Keystone XL construction still banned following appeals court ruling – The $8 billion Keystone XL Pipeline, blocked by a U.S. District Court judge in Great Falls after construction began last fall, remains in limbo while the legal tussle over its construction continues following a key decision last week. Calgary-based TransCanada, which is building the oil pipeline, asked the San Francisco-based 9th Circuit Court of Appeals to overturn an injunction on the pipeline’s construction previously issued by U.S. District Judge Brian Morris, who is seated in Great Falls. On Friday, the higher court denied a motion by TransCanada to overturn Morris’ work stoppage. “The record shows that the district court carefully considered all applicable factors in denying the stay of its injunction,” a two-judge panel of the 9th Circuit Court of Appeals said in its decision. “We see no abuse of discretion in refusing to stay the order. The district court has previously narrowed the scope of its injunction.” Friday’s order leaves in place a ban on construction while the 9th Circuit Court of Appeals considers an appeal by TransCanada and the State Department of Morris’ original order overturning the pipeline’s permit.
Firefighters knock down blaze at Carson oil refinery – A fire erupted Friday night at an oil refinery in Carson but was knocked down after about three hours. Television footage showed a section of the Phillips 66 refinery in the 1500 block of East Sepulveda Boulevard engulfed in large flames and plumes of black smoke spewing into the sky. After almost three hours battling the fire, Los Angeles County fire officials said in a tweet that the blaze had been knocked down. One person was being treated at the scene for an unspecified injury, fire officials said. Three of the facility’s four crude oil pumps were involved in the fire, which started about 7:45 p.m., according to county fire officials. The pressurized pumps were shut down to cut off the flow of oil that was fueling the blaze, the department said in a tweet. Fire crews could be seen on the television footage drenching large pipes and two tanks in the area of the flames. Several storage tanks farther away were not at risk, fire officials said.
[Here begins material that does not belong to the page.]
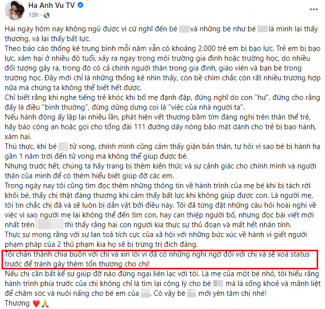 Sau khi tìm hiểu kỹ hơn về sự việc và mẹ đẻ của bé V.A., Hà Anh đã đưa ra lời xin lỗi. Cô gửi lời chia buồn tới mẹ đẻ bé, xin phép xóa bài đăng gây tranh cãi của mình để tránh gây thêm tổn thương đến người phụ nữ này.
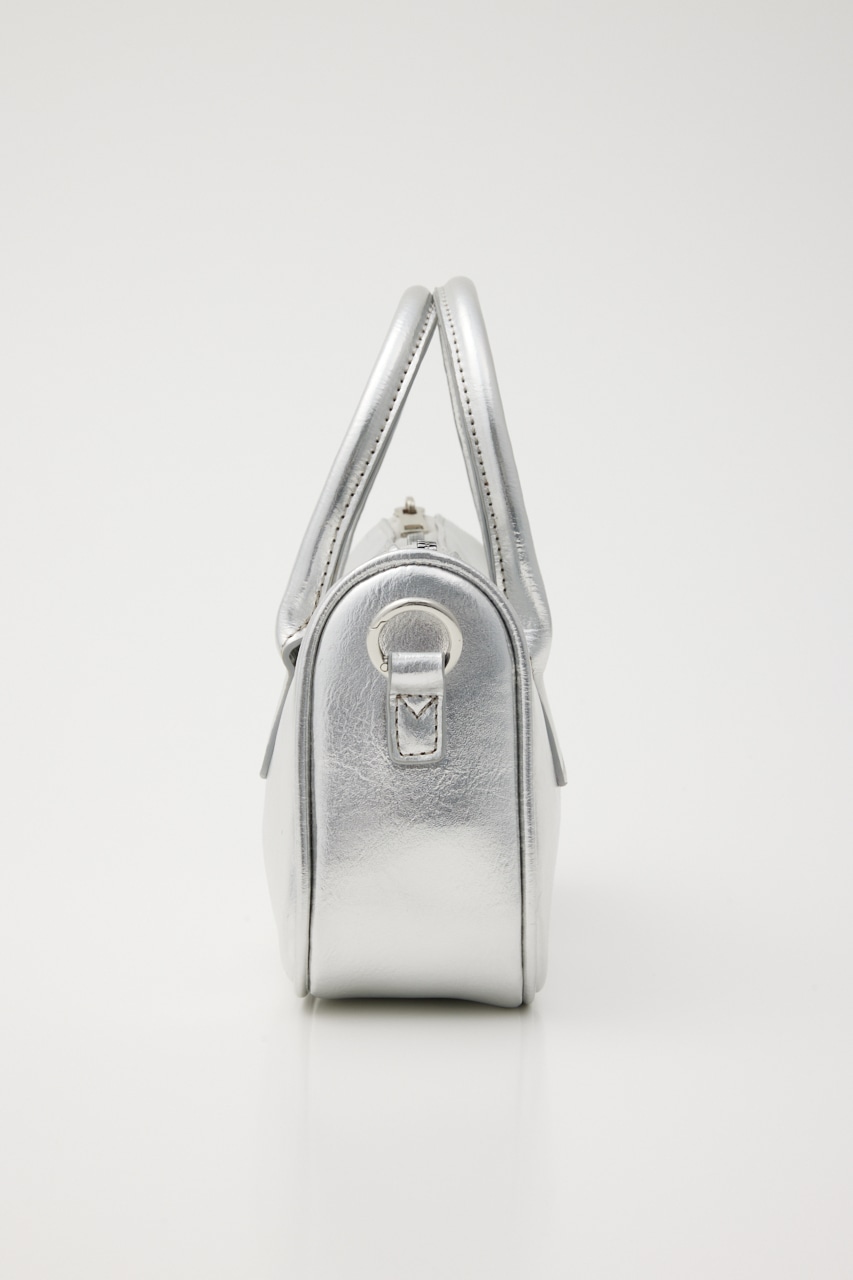 ミニマルな印象のミニボストンバッグ。メタリックカラーを使用し、クールな雰囲気に。ショルダーストラップは取り外しできて、2wayで使えるのも嬉しいポイント。華やかさをプラスしつつも、コーディネートに馴染みやすいアイテムです。

There were no orders given for people in the area to evacuate or warnings about health risks caused by the smoke.
Oregon House approves 10-year fracking ban – The Oregon House on Monday voted by a large margin to approve a 10-year ban on fracking in the state, according to a report by The Oregonian. The state house voted 42-12 in favor of outlawing the practice, in which pressurized liquid is injected into deep-rock formations to allow oil and natural gas to escape. There are no current fracking operations in Oregon but developers have long eyed the Willamette Valley as a potential site for methane fracking, according to The Oregonian. The vote makes Oregon the fourth state to ban the practice after New York, Vermont and Maryland. Florida and New Mexico are also considering bans or restrictions.Ban advocates claim the practice pollutes groundwater and contributes to earthquakes. The bill next heads to the state senate, which Democrats also control by about the same margin.“Oregon’s natural beauty should be cherished and protected,” said bill sponsor Rep. Rachel Prusak in a press release. “This legislation is a common sense proposal to ensure that no one engages in this potentially destructive practice while we work to better understand its long-term impacts.” “I am pleased that this legislation received bipartisan support today,” said Rep. Ken Helm (D), who co-sponsored the bill. “When it comes to protecting this state, we all have a vested interest in being thoughtful about how we regulate new industries that could have significant long-term impacts.”